2. The mycelium needs to find a subsoil food source (decaying tree roots) or surface seeping food source (fallen bark) for the energy and nutrients it expands as it sends the mushroom top up through the soil. This is where the dead roots of mature elms or slipping bark around the base of recently dead tree become one of the critical elements necessary for fruition. 

3. In many of the books I’ve read they say that night time temperatures need to be above 40 degrees for at least 4 days in a row.The overnight lows and daytime highs are key in creating the necessary ground temperatures that everyone knows are a big factor. This is also why burn areas warm up faster and tend to help create necessary conditions when the blackened earth helps warm the soil and create food sources for the mycelium by killing the trees or outer bark. 

4. Daytime temperatures need to be at least above 70 degrees for one or more days as well as the overnight lows remaining above 40 degrees before they come out of their dormant state from winter.
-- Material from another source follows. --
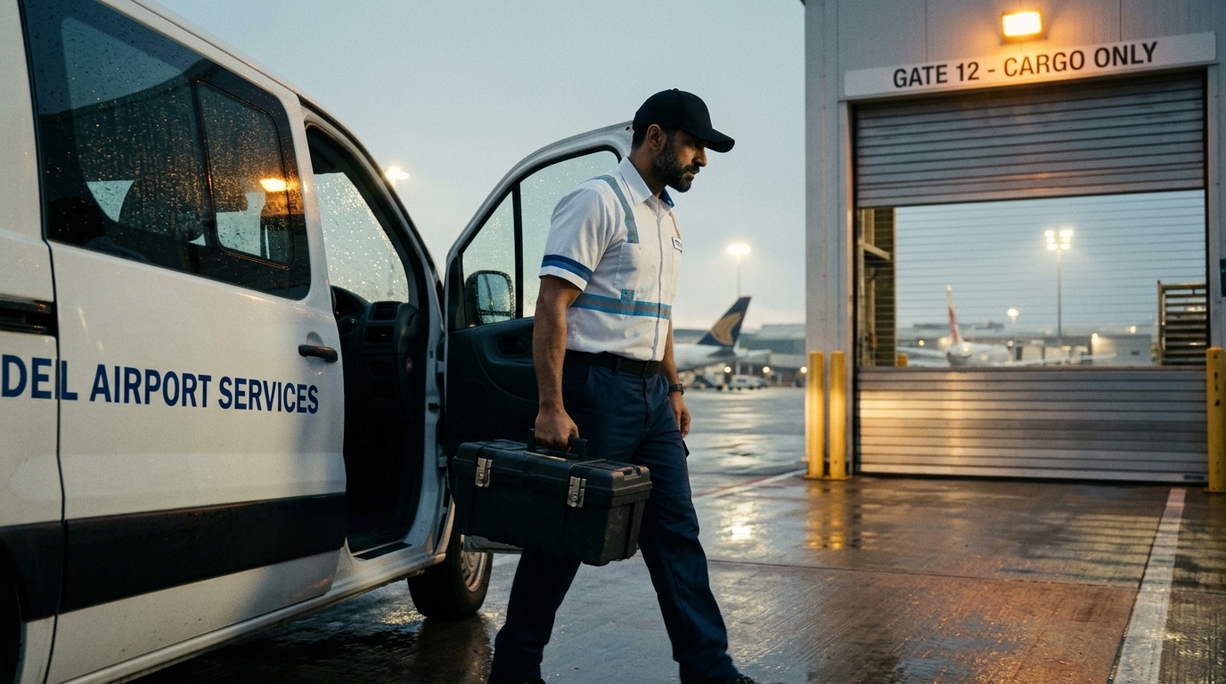 Art style: Cinematic Realistic. आर्यन एक सफेद और नीली एयरपोर्ट रखरखाव कर्मचारी की वर्दी में एक वैन से बाहर निकल रहा है। उसके हाथ में एक काला टूलबॉक्स है और उसने सिर पर एक टोपी पहनी है जिससे उसका चेहरा आधा ढका हुआ है। वह बिना किसी हिचकिचाहट के मुख्य कार्गो गेट की ओर बढ़ रहा है। ━━━━━━━━━━━━━━━━━━━━━━━━━━━━━━━━━━━━━━ FINAL STYLE ENFORCEMENT (this is the authoritative rendering directive — it overrides any style wording elsewhere in the prompt): Render this image entirely in "Cinematic Realistic" style. Match the lighting grammar, material response, colour science, level of realism / stylisation, line weight, and shading model typical of "Cinematic Realistic". Keep the subject, composition, camera angle, lighting direction, and colour palette from the description above — but EVERY surface, skin, fabric, material, and environmental element must be rendered in the "Cinematic Realistic" idiom, not in any other medium. Character appearance reference (MUST match exactly): - आर्यन: Strong rule: style --- Cinematic Realistic ---. एक 42 वर्षीय भारतीय पुरुष, जिसकी आँखों में एक रणनीतिकार की चमक है। उसने गहरे नीले रंग की टर्टलनेक शर्ट और काली जैकेट पहनी है। उसके बाल सलीके से पीछे की ओर संवारे हुए हैं और एक छोटी, कटी हुई दाढ़ी है। वह एक अंधेरे कमरे में है जहाँ केवल कंप्यूटर स्क्रीन की नीली रोशनी उसके चेहरे पर पड़ रही है। उसके पीछे एक बड़ा डिजिटल नक्शा है। शैली यथार्थवादी और सिनेमाई है, जिसमें बारीक विवरण और गहरी छायाएँ हैं। वह शांत लेकिन खतरनाक दिखता है।
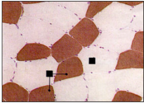 this slide - stained for fibrillar ATPase (DARK BROWN) and greatest in slow twitch with greater number of mitochondria

The combination of overnight lows and daytime highs directly determine ground temperature. 

5. The last and probably the most critical thing to fall in place is the moisture! We all know how important it is to have moisture at the right times, but we also need the moisture along with heat. Even though we’ve had late spring rains and more moisture than previous years we need the heat and moisture together to create the correct growing conditions that Morchella mushrooms need. Even though the mycelia underground start to awaken once ground temps come up they also need hot days to really do their thing and let the fungus grow. 


The worst thing that could happen would be windy or hot days without moisture that make the subsoil and surface moisture disappear. 
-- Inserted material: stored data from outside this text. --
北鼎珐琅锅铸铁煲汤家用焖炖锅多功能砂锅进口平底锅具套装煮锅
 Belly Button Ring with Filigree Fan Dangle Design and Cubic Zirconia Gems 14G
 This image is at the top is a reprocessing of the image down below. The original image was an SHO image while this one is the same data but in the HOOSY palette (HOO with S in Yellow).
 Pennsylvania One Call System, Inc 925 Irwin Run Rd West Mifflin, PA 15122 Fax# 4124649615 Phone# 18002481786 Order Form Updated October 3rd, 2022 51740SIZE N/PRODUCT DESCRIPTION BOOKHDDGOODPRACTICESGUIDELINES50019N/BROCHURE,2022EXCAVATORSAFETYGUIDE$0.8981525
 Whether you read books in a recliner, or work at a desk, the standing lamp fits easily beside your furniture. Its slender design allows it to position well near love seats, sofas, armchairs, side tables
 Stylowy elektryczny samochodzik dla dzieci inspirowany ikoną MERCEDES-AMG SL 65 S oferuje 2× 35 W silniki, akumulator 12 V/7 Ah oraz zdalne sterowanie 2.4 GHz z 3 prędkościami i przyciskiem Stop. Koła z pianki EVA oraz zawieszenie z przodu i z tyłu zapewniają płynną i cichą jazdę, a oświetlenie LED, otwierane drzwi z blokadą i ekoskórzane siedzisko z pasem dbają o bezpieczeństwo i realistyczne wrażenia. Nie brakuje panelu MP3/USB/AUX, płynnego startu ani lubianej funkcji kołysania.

Good luck to all and remember someone has to be the first one to find a few. Some guy at work has a friend that supposedly found 6 over the last couple days, but didn't take any pictures to prove it blah, blah blah.... I'll go find my own and know that they're out.

The nice thing is with all the rain we've had this spring and now the heat eventually falling into place while we still have moisture conditions seem right that we could have a really good season in store for us in NE Iowa.

6. Whatever you do, use a breathable mesh bag so the spores can drop as you walk rather than using a plastic grocery store type bag. Once they have sprouted they still need to get fertilized by the blowing spores above ground so they’ll continue on in the future. I’ll call this the 6th condition for perpetuation in the future!

Good luck to all and happy hunting!

ShroomBoomblio


----------



## fun gus (Apr 24, 2014)

Great info. I've Been hunting for 50 years- since I was 2. Grandpa said morels grow from first bloom of lilac to last living bloom of lilac. It's BenN 50 years and it's true. Pros tell me whatever it's 4 inch soil temp of 53 for 3 days. Both are right lilac first bloom at 53 for 3 days. Lilacs new high sunny ground lilacs are full bloom lower ground lilacs dying north slopes. That is a generalization but solid pattern. In mid season wet years I go out and once picked 20 pounds with 2 inches of snow!
I'm getting them in central iowa but the 5 things have not been in balance so low numbers. Hopefully the rain brings us all a great mess of morels today


----------



## mikekrebill (Oct 17, 2012)

ShroomBloomblio: thanks for sharing your thoughts and assumptions. There are a couple mistaken assumptions that ought to be clarified. First, on the matter of temperature, I highly recommend purchasing an inexpensive instant-read, stainless steel digital thermometer that can be also used when grilling. Use it to check soil temperatures at a 4" depth. Begin looking for morels when daytime air temps. reach the 60s, nighttime temperatures are in the 50s, &amp; the soil temp. is 53º. Here in Iowa, we are fortunate that Iowa State does this for every county in the state, so you can access this link: http://mesonet.agron.iastate.edu/data/soilt_day1.png, which is updated whenever you log onto it. The second assumption is on the nature of morels. They are not decomposers or parasites like many mushrooms. They are symbionts, meaning that the hyphae of their mycelial strands hooks up with the root hairs of trees (in most cases) for a mutually beneficial relationship. They provide nitrogen, phosphorus, and potassium, which they extract from the soil, and increase the water supply to the tree. In exchange, the tree provides stored food energy in the form of carbohydrates (sugars) made in the leaves. As a consequence, the tree grows better, and so does the fungal mycelium. Morels are known to form a symbiotic relationship with 22 species of trees. Here in the Midwest, most of us have probably found them around elms, sometimes around ash trees, and often in old apple orchards. They also have the same relationship with oaks, silver maple, sycamore, cottonwoods, black locust and more. In the SE US, tulip poplar is a dominant tree and the primary symbiont for morels.


----------



## mikekrebill (Oct 17, 2012)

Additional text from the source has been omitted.